Design and Evaluation of Multiplex One-Step Reverse Transcription PCR-Dipstick Chromatography Method for the Analysis of Seven Respiratory Pathogens

Li Luo  1   2 Qianming Chen  1   2 Sheng Qin  1   2 Qiang Luo  1   2 Zhenjie Liu  1   2 Qiong Li  3 Shuilan Zheng  2 Xianzhang Huang  1   2 Peifeng Ke  1   2 Xiangsheng Yang  3 Hui Xiao  4 Ning Xu  5   6
Affiliations

Design and Evaluation of Multiplex One-Step Reverse Transcription PCR-Dipstick Chromatography Method for the Analysis of Seven Respiratory Pathogens

Li Luo et al. Curr Microbiol. 2021 Oct.

Abstract

Influenza A, influenza B, severe acute respiratory syndrome coronavirus 2, adenovirus, respiratory syncytial virus, Mycoplasma pneumoniae, and Chlamydophila pneumoniae are common pathogens that can cause severe pneumonia and other symptoms, resulting in acute lower respiratory tract infections. The objective of this study was to design and evaluate a sensitive and specific multiplex one-step reverse transcription PCR (RT-PCR)-dipstick chromatography method for simultaneous rapid detection of these seven pathogens.

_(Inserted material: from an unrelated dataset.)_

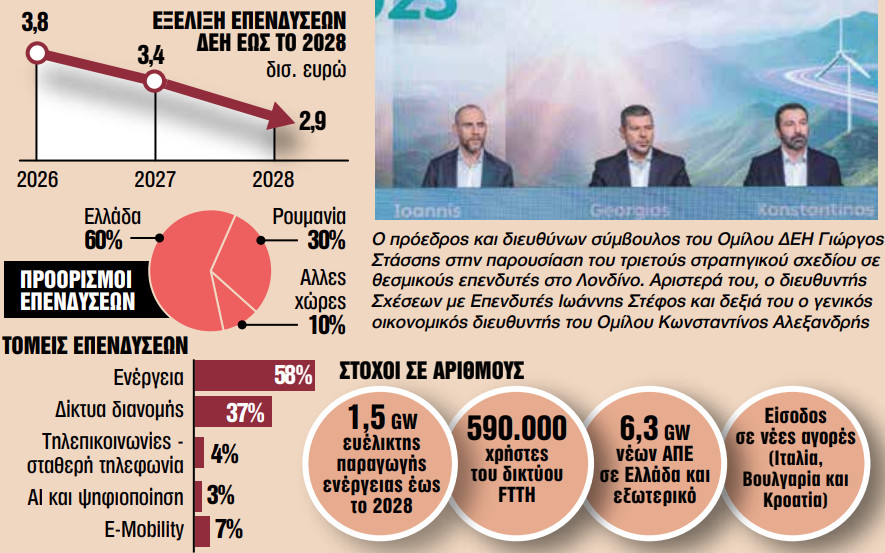 Στρατηγικές επενδύσεις 10,1 δισ. ευρώ στην τριετία 2026-2028, με το 93% των κεφαλαίων αυτών να κατευθύνεται σε νέα έργα και στόχο τα EBITDA να φτάσουν τα 2,9 δισ. ευρώ, ανακοίνωσε χθες στο Λονδίνο η διοίκηση της ΔΕΗ παρουσιάζοντας στους θεσμικούς επενδυτές τους στόχους του Ομίλου, στο πλαίσιο του Capital Markets Day 2025.

Streptavidin-coated blue latex particles were used to read out a positive signal. Based on the DNA-DNA hybridization of oligonucleotide sequences (Tag) for forward primer with the complementary oligonucleotide sequence (cTag) on the dipstick and biotin-streptavidin interactions, PCR products were able to be illuminated visually on the dipstick. The specificity and the limit of detection (LOD) were also evaluated. Moreover, the clinical performance of this method was compared with Sanger sequencing for 896 samples. No cross reaction with other pathogens was found, confirming the high specificity of this method. The LOD was 10 copies/µL for each of the tested pathogens, and the whole procedure took less than 40 min. Using 896 samples, the sensitivity and specificity were shown to be no lower than 94.5%. The positive predictive value was higher than 82.1%, and the negative predictive value was higher than 99.5%. The kappa value between the PCR-dipstick chromatography method and Sanger sequencing ranged from 0.869 to 0.940. In summary, our one-step RT-PCR-dipstick chromatography method is a sensitive and specific tool for rapidly detecting multiplex respiratory pathogens.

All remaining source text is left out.